Итогом его исследований стали четыре книги об искусстве, первая из которых вышла в 1975 году – «Пространственные построения в древнерусской живописи». Потом в 1986 году была издана работа «Системы перспективы в изобразительном искусстве. Общая теория перспективы». И последняя – «Геометрия картины и зрительное восприятие» – увидела свет в 1994-м.

Через изучение иконописного пространства Раушенбах пришел к богословию, без которого невозможно понимание иконы. Последние его работы посвящены Святой Троице. Тоже, казалось бы, парадокс. Последним физиком, который так глубоко погружался в богословие, наверное, был Ньютон. Но он был изначально богословом, который, испытывая благоговение перед мудростью Творца, создавшего столь великолепный мир, открыл основополагающие законы Вселенной. А Раушенбах, зная эти законы, решил «поверить алгеброй гармонию», найти математические закономерности, которые могут приблизить нас к пониманию тайны Святой Троицы. В истории христианской мысли были многократные попытки найти объяснение Троицы через различные аналогии, которые в той или иной степени позволяют понять, как три личности являются одним Богом. Раушенбах мыслит как математик и логик: «Понятие Троицы всегда считалось алогичным – три Бога составляют одного Бога, как это может быть одновременно: три и один? Когда мы говорим о святости Троицы, нам не с чем из повседневной жизни ее сравнивать, святость свойственна лишь божественному. Но когда речь заходит о триединости, то человеческий ум невольно ищет аналогии в повседневной жизни, хочет увязать это понятие с формальной логикой. Я сказал себе: будем искать в математике объект, обладающий всеми логическими свойствами Троицы, и если такой объект обнаружится, то тем самым будет доказана возможность логической непротиворечивости структуры Троицы и в том случае, когда каждое Лицо является Богом. И, четко сформулировав логические свойства Троицы, сгруппировав их и уточнив, я вышел на математический объект, полностью соответствующий перечисленным свойствам, – это самый обычный вектор с его тремя ортогональными составляющими. Остается лишь поражаться, что отцы Церкви сумели сформулировать совокупность свойств Троицы, не имея возможности опираться на математику».

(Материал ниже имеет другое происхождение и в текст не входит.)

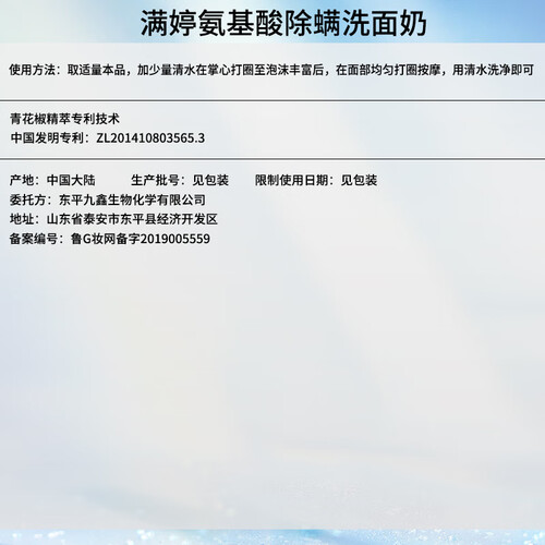 添加氨基酸成分,能够有效锁住面部的水分,滋润肌肤,调节水油平衡。黄金配比的成分,有效清洁螨虫,让肌肤焕发健康活力。

Нет, конечно, Раушенбах не претендовал на звание богослова, он остается физиком, математиком, оптиком. Но та красота космоса, которую он видел не однажды в телескоп, убедила его, что Вселенная разумна и красива в каждой своей точке. И его не мог не привлекать Великий Разум, создавший эту Вселенную и сообщивший свою способность творить человеку. И он понял, что человеческое творчество, прежде всего художественное, таит в себе много больше, чем поверхностное эстетическое любование. В произведениях художников, как в тысяче малых зеркал, отражаются наша Вселенная и ее Творец.

Поначалу самому Борису Викторовичу казалось, что его интерес к искусству что-то вроде хобби, занимательного отдыха, но вскоре это стало для него главным занятием и вытеснило все остальное. Но, как прирожденный ученый.

Раушенбах хочет «во всем дойти до самой сути» и погружается в исследования искусства так же глубоко, как когда-то в физику и математику. Он признавался: «Я начал заниматься искусством, еще продолжая активно работать в области ракетной техники. Искусство поначалу казалось интересной мелочью в моей жизни – я имею в виду профессиональную жизнь, в обыденной жизни каждого человека искусство всегда занимает большое место, – но постепенно эта мелочь стала увеличиваться, разрастаться и «съела» интерес к космосу. Но вот что забавно: все, чем я начал заниматься в искусстве, было связано с космосом…»

Действительно, Раушенбаха всегда по-настоящему интересовал космос. Но космос начинается на земле, там, где находится человек, потому что космос – Вселенная и создан для человека. Эта библейская истина все больше и больше занимала ученого, и он попытался понять, как человек смотрит на мир, как он его воспринимает и как его восприятие отражается в искусстве. И как менялись представления человека о пространстве.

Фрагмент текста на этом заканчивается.